Views on Religion & Politics:
Washington clearly believed in the importance of religious toleration.
"The foundation of our Empire was not laid in the gloomy age of Ignorance and Superstition, but at an Epocha when the rights of Mankind were better understood and more clearly defined, than at any former period, the researches of the human mind after social happiness have been carried to a great extent, the Treasures of knowledge, acquired by the labours of Philosophers, Sages, and Legislators, through a long succession [of] years, are laid open for our use, and their collected wisdom may be happily applied in the Establishment of our Forms of Government, the free cultivation of Letters, the unbounded extension of Commerce, the progressive refinement of Manners, the growing liberality of sentiment, and above all, the pure and benign light of Revelation, have had a meliorating influence on Mankind and increased the blessings of Society; At this auspicious period, the United States came into existence as a Nation, and if their Citizens should not be compleatly Free and Happy, the fa[u]lt will be entirely their own.
"I now make it my earnest prayer, that God would have you and the State over which you preside, in his holy protection, that he would incline the hearts of the Citizens to cultivate a spirit of subordination and obedience to Government--to entertain a brotherly affection and love for one another, for their fellow Citizens of the United States at large, and particularly for their Brethren who have served in the Field, and finally, that he would most graciously be pleased to dispose us all, to do Justice, to love Mercy, and to demean ourselves with that Charity, Humility, and Pacific temper of mind which were the Characteristicks of the Divine Author of our blessed Religion, and without an humble imitation of whose example in these things, we can never hope to be a Happy Nation." -- letter to John Hancock (Circular), 11 June 1783
"The blessed Religion revealed in the word of God will remain an eternal and awful monument to prove that the best Institutions may be abused by human depravity; and that they may even, in some instances be made subservient to the vilest of purposes." -- Proposed Address to Congress, April 1789
"While I reiterate the professions of my dependence upon Heaven as the source of all public and private blessings; I will observe that the general prevalence of piety, philanthropy, honesty, industry, and oeconomy seems, in the ordinary course of human affairs, particularly necessary for advancing and conforming the happiness of our country.
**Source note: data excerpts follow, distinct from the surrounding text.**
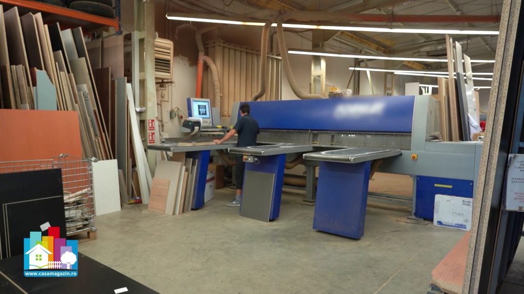 Primul pas în fabricarea mobilierului este debitarea panourilor din PAL laminat și MDF. În zona de producție, utilajele automate tip CNC taie cu precizie panourile mari, conform diagramelor digitale. Aceste mașini sunt folosite în special pentru elementele standard și pentru producția de serie.
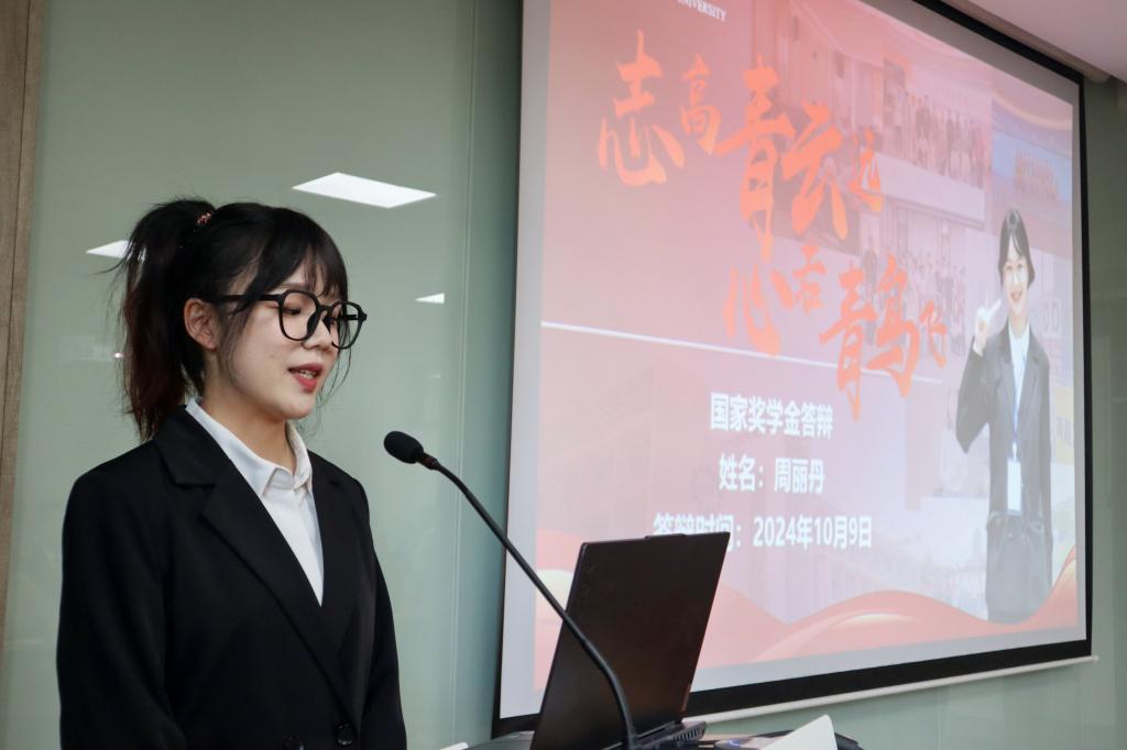 经过前期个人申报和学院初审等环节后,共二十位本科生作为候选人,取得参加本次答辩资格。本次答辩分为个人展示和评委提问两个环节。在个人陈述环节当中,参评学生结合自身成长故事,从学习成绩、科研成果、社会实践、志愿活动等多方面内容进行展示,向各位评委老师展示了自身的学术成果与实践经验。评委老师们也针对每位答辩学生提出了在科研学习、学生工作及生活上的宝贵意见。同时,他们的努力和奉献精神也将激励着本科新生追求卓越。经答辩评审,最终评选出郑文熠等十位优秀的本科生获得国家奖学金予以公示。
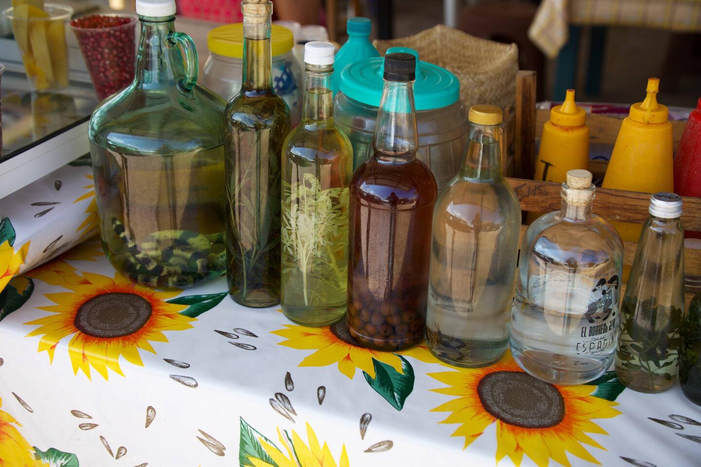 Wir verlassen Hierve el Agua und kommen an zahlreichen Mezcal Fabriken vorbei. Mehr kleine Strohhütten mit einem Mühlstein und einem Esel 🫏 davor. In allerlei Flaschen und Gefäßen, mit TeilsLue lisää
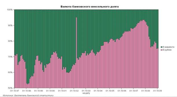 Если говорить в целом о доле векселей в общем объеме вложений банков в ценные бумаги, то она на 1 января 2009 г. составила 8% против 10% на начало и 12% на середину 2008 г.
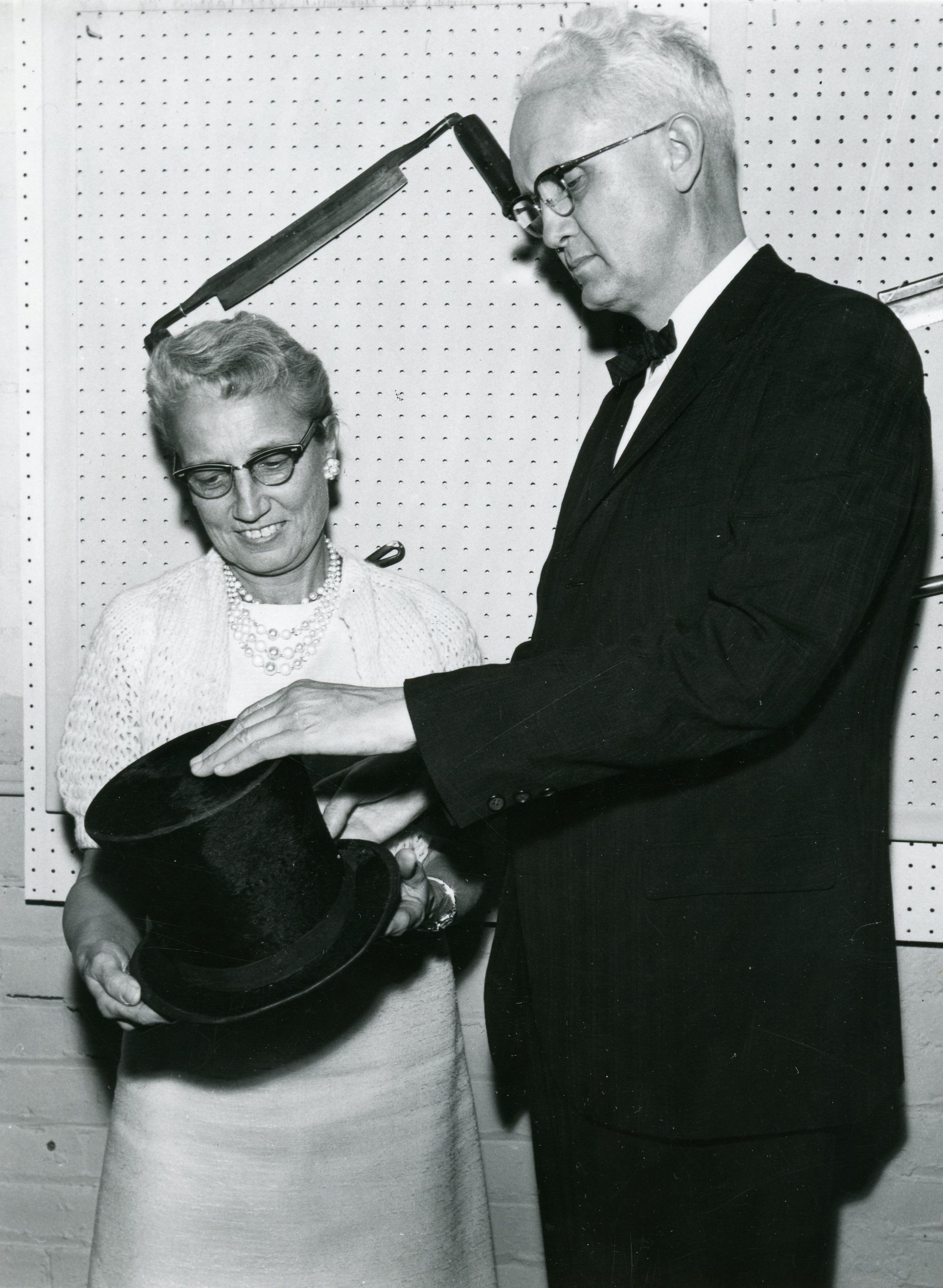 Mrs. C. B. Drew and Rev. Britton. In Historical Museum
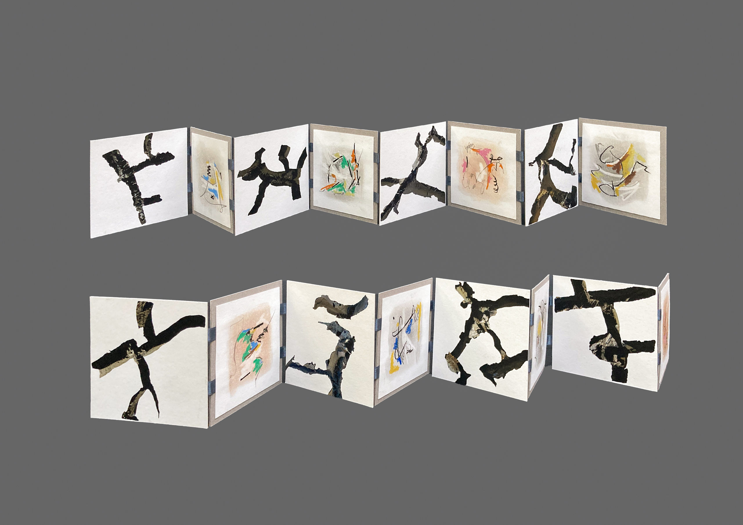 Leporello bestaande uit 8 foto's en 8 tekeningen van 9,5 x 9,5 cm. Opgevouwen 2 cm hoog, uitgevouwen ca 60 cm

While all men within our territories are protected in worshipping the Deity according to the dictates of their consciences; it is rationally to be expected from them in return, that they will be emulous of evincing the sanctity of their professions by the innocence of their lives and the beneficence of their actions; for no man, who is profligate in his morals, or a bad member of the civil community, can possibly be a true Christian, or a credit to his own religious society." -- Letter to the General Assembly of Presbyterian Churches, May 1789
"If I could have entertained the slightest apprehension that the Constitution framed in the Convention, where I had the honor to preside, might possibly endanger the religious rights of any ecclesiastical society, certainly I would never have placed my signature to it; and if I could now conceive that the general government might ever be so administered as to render the liberty of conscience insecure, I beg you will be persuaded that no one would be more zealous than myself to establish effectual barriers against the horrors of spiritual tyranny, and every species of religious persecution. For you, doubtless, remember that I have often expressed my sentiment, that every man, conducting himself as a good citizen, and being accountable to God alone for his religious opinions, ought to be protected in worshipping the Deity according to the dictates of his own conscience." -- Letter to the United Baptist Churches in Virginia, 10 May 1789
"Whereas it is the duty of all nations to acknowledge the providence of Almighty God, to obey His will, to be grateful for His benefits, and humbly to implore His protection and favor; and
"Whereas both Houses of Congress have, by their joint committee, requested me 'to recommend to the people of the United States a day of public thanksgiving and prayer, to be observed by acknowledging with grateful hearts the many and signal favors of Almighty God, especially by affording them an opportunity peaceably to establish a form of government for their safety and happiness:'
"Now, therefore, I do recommend and assign Thursday, the 26th day of November next, to be devoted by the people of these States to the service of that great and glorious Being who is the beneficent author of all the good that was, that is, or that will be; that we may then all unite in rendering unto Him our sincere and humble thanks for His kind care and protection of the people of this country previous to their becoming a nation; for the signal and manifold mercies and the favorable interpositions of His providence in the course and conclusion of the late war; for the great degree of tranquillity, union, and plenty which we have since enjoyed; for the peaceable and rational manner in which we have been enabled to establish constitutions of government for our safety and happiness, and particularly the national one now lately instituted; for the civil and religious liberty with which we are blessed, and the means we have of acquiring and diffusing useful knowledge; and, in general, for all the great and various favors which He has been pleased to confer upon us.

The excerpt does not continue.